■ EXERCISE BRIEF
All pictures are to be dropped, and everything else in the data duplicated exactly.

■ THE DATA
§
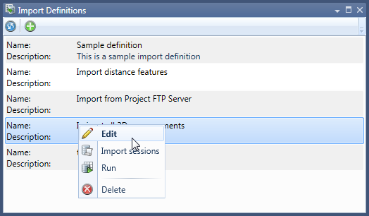 To create a new (stored) import definition click Add in the toolbar. Note that you can also create a new on-the-fly import definition that way by just not storing the new import definition. To edit an already stored import definition select Edit from the context menu.
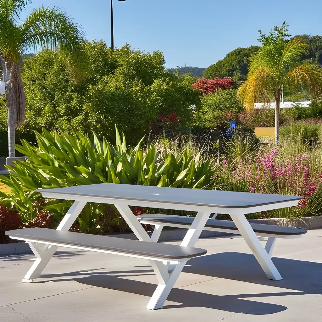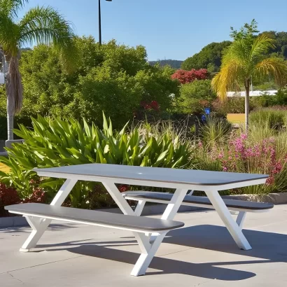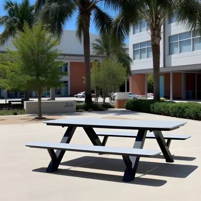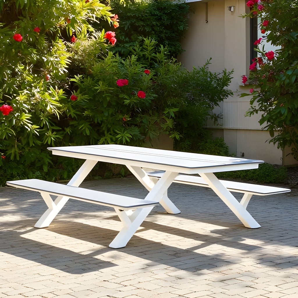 - The HDPE table/bench tops don’t require any waterproofing or sealing, and won’t splinter, crack, chip, peel, stain, or rot and impervious to insects.
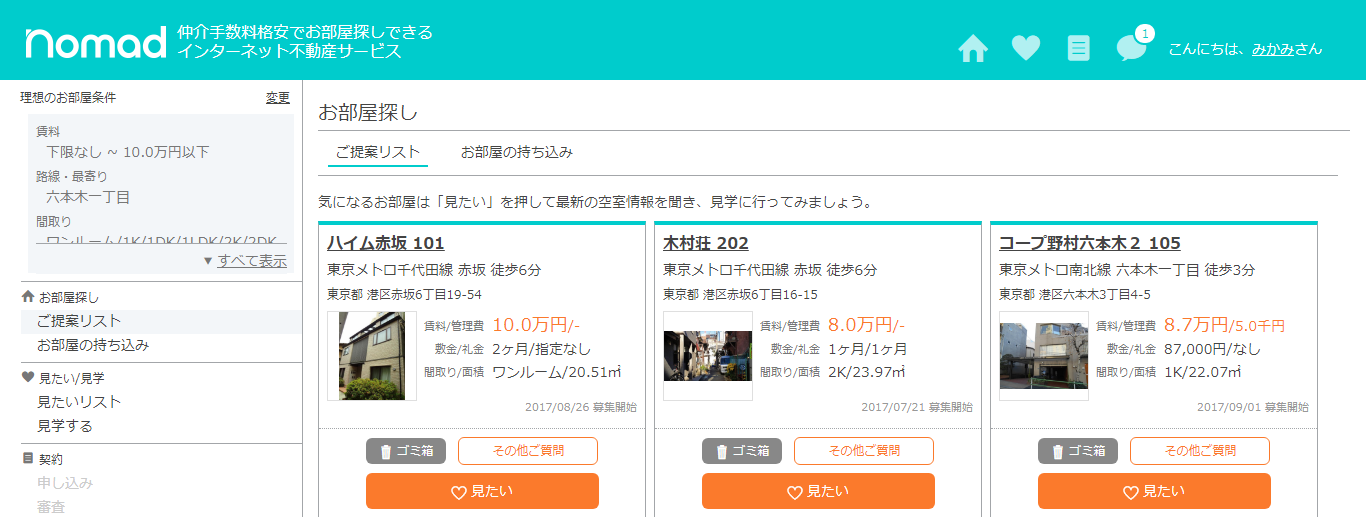 そのまま内見の予約ができたりするからすごい便利だと思う!
§
■ FINISHED TASK
 To create a new (stored) import definition click Add in the toolbar. Note that you can also create a new on-the-fly import definition that way by just not storing the new import definition. To edit an already stored import definition select Edit from the context menu.
 - The HDPE table/bench tops don’t require any waterproofing or sealing, and won’t splinter, crack, chip, peel, stain, or rot and impervious to insects.
 そのまま内見の予約ができたりするからすごい便利だと思う!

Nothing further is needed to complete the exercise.